Em mais uma edição do Momento IDM Cardio, na Princesa FM, o cardiologista Dr. Israel Reis abordou um tema cada vez mais atual e preocupante: “O perigo de trocar evidência por opinião”. Durante a entrevista, o médico destacou os riscos de se basear em achismos e informações disseminadas nas redes sociais em vez de confiar em estudos científicos e orientações médicas fundamentadas.

“Nós vivemos o momento de maior volume de informações em saúde da história, mas também o de maior desinformação”, alertou Dr. Israel. Segundo ele, a chamada “infodemia” — termo utilizado pela Organização Mundial da Saúde — tem se tornado um desafio global.

“Todo mundo quer dar opinião, mas em medicina existe um risco enorme quando se troca o ‘eu acho’ pelo ‘eu posso provar’”, destacou.

O médico lembrou que a ciência é construída com base em métodos, rigor e comprovação, e que não há atalhos no conhecimento científico.

“A ciência é demorada, cheia de dúvidas, mas foi ela que nos trouxe até aqui. Já a opinião é rápida, atraente e muitas vezes perigosa”, observou.

Durante a conversa, Dr. Israel citou exemplos de pacientes que colocam a saúde em risco ao abandonar tratamentos comprovados cientificamente por alternativas sem evidências.

“Há relatos de pessoas que deixaram o tratamento do câncer para seguir terapias alternativas e acabaram morrendo por isso”, lamentou.

Ele destacou ainda que essa prática não só coloca vidas em perigo, como gera prejuízo financeiro e descredibiliza a medicina.

“Muitos pacientes usam fórmulas com várias substâncias sem saber para que servem. Gastam muito dinheiro e, no fim, não sabem nem o que estão tomando nem se aquilo faz efeito”, criticou.

Dr. Israel lembrou que durante a pandemia da Covid-19, uma grande parte das informações falsas em saúde teve origem em pessoas sem formação adequada.

“Estudos mostraram que 60% das fake news em saúde vieram de pseudo profissionais — gente com boa aparência e muitos seguidores, mas sem nenhuma formação médica”, explicou.

Para ele, esse fenômeno é alimentado pela facilidade com que opiniões sem base científica viralizam nas redes.

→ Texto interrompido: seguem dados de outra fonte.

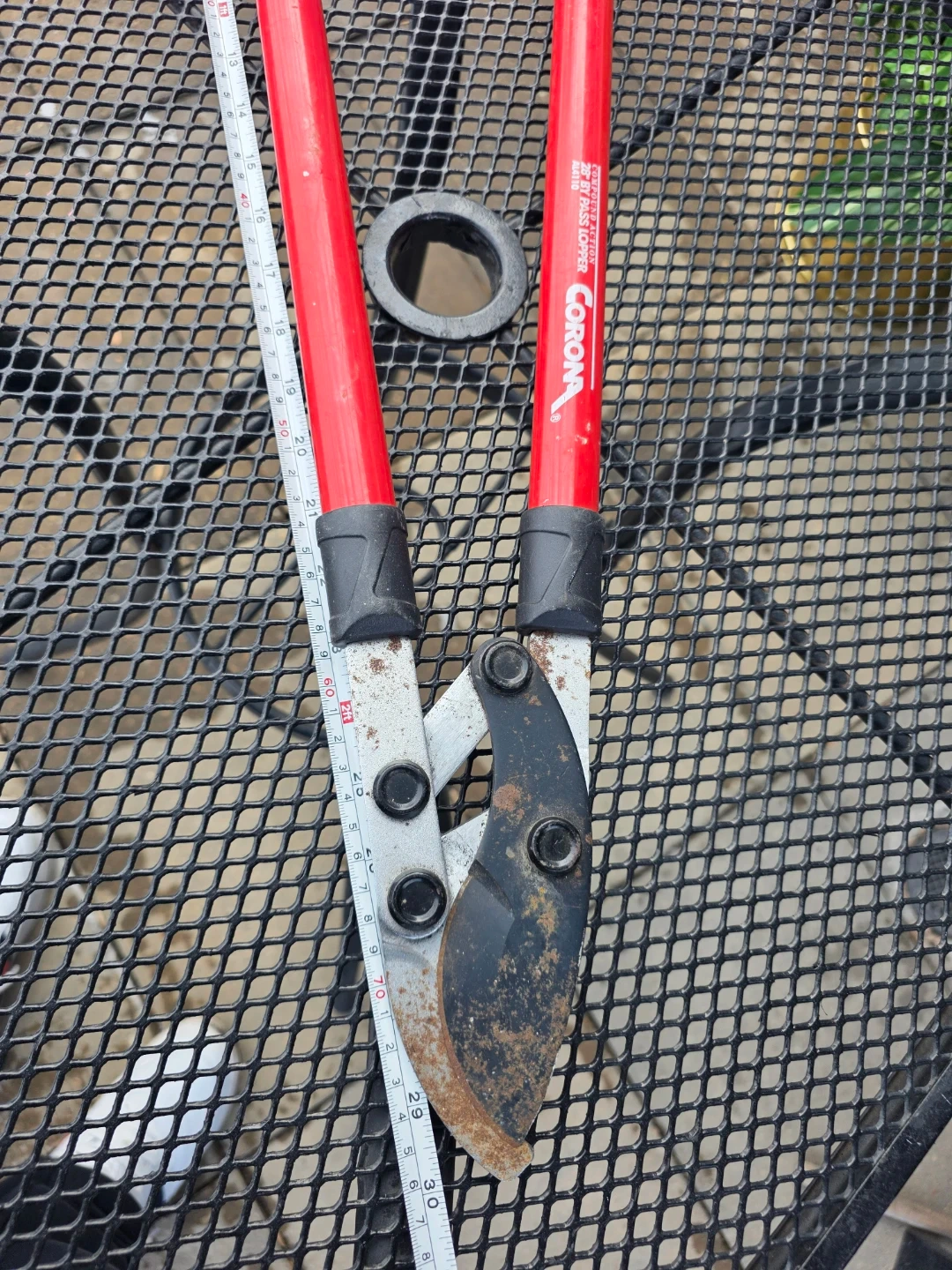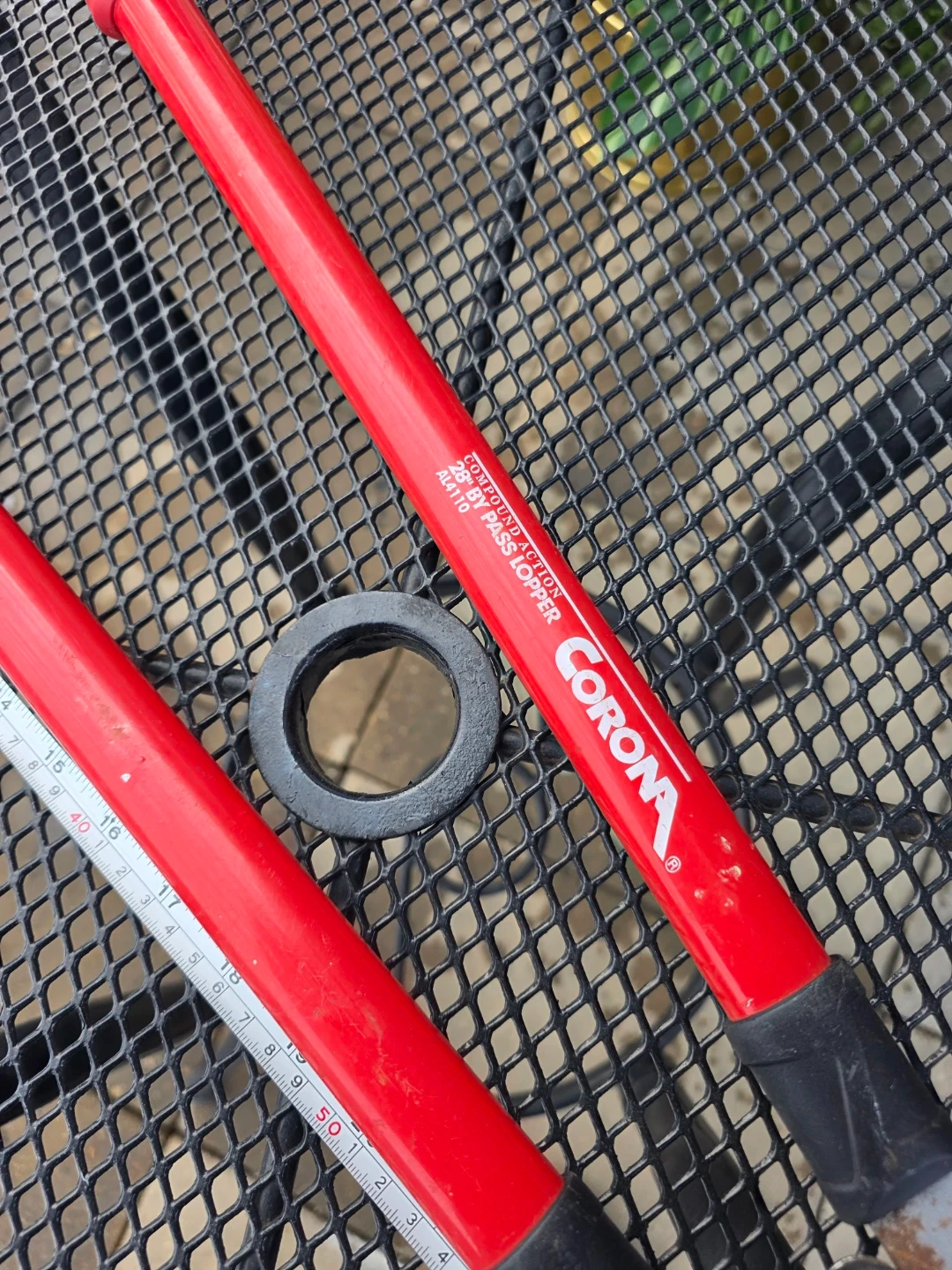 These Corona bypass loppers feature a 2-step cutting action for easy trimming. The handles are red and have black grips. They're great for pruning branches in your yard!
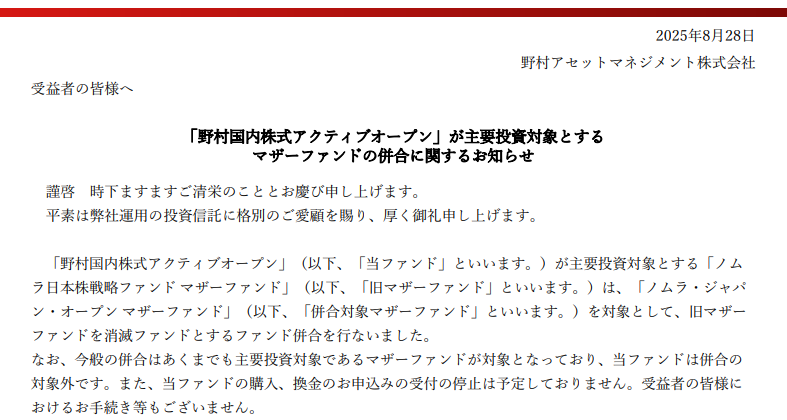 「ノムラ日本株戦略ファンド」を、「ノムラ・ジャパン・オープン」のマザーファンドへ統合し、名称を「野村国内株式アクティブオープン」へと変更することを発表したのです。
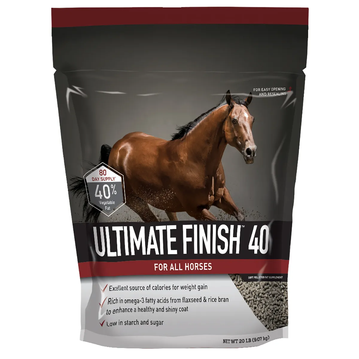 Directions: Top-dress on ration slowly, start with 2 oz daily and work up to recommended feeding rate based on desired result. To help promote skin and coat condition – 2-4 oz daily per 1,100 lb horse. For increased calories to support weight and body condition – 4-8 oz daily per 1,100 lb horse. 80 day supply = 20 lbs at 4 oz feeding rate.

“A opinião vende o atalho: promete emagrecer 30 quilos em três meses, curar doenças de forma milagrosa. A evidência, por outro lado, mostra resultados reais, mas demorados e isso não viraliza”, observou.

Questionado sobre o que pode ser feito para combater a desinformação, o cardiologista defendeu maior atuação dos conselhos de classe e o fortalecimento da educação científica entre os pacientes.

“Os conselhos de medicina, nutrição, fisioterapia precisam agir com mais firmeza, mas também dependem de denúncias da população. É preciso reportar os falsos profissionais”, ressaltou.

Ele também incentivou que os pacientes se informem e questionem seus médicos.

“Antes de acreditar em um vídeo bonito ou num discurso emocionado, procure saber quem está falando. Busque o CRM, veja se o profissional segue diretrizes reconhecidas. Pergunte: quais estudos embasam o tratamento? Quais são as evidências?”, orientou.

Dr. Israel reforçou que o compromisso do médico deve ser sempre com a ciência e com o bem-estar do paciente.

“Se eu não sigo aquilo que está comprovado, não estou cuidando verdadeiramente do meu paciente. E há um princípio básico na medicina: se você não pode fazer o bem, não faça o mal. Só isso já é um grande passo”, concluiu.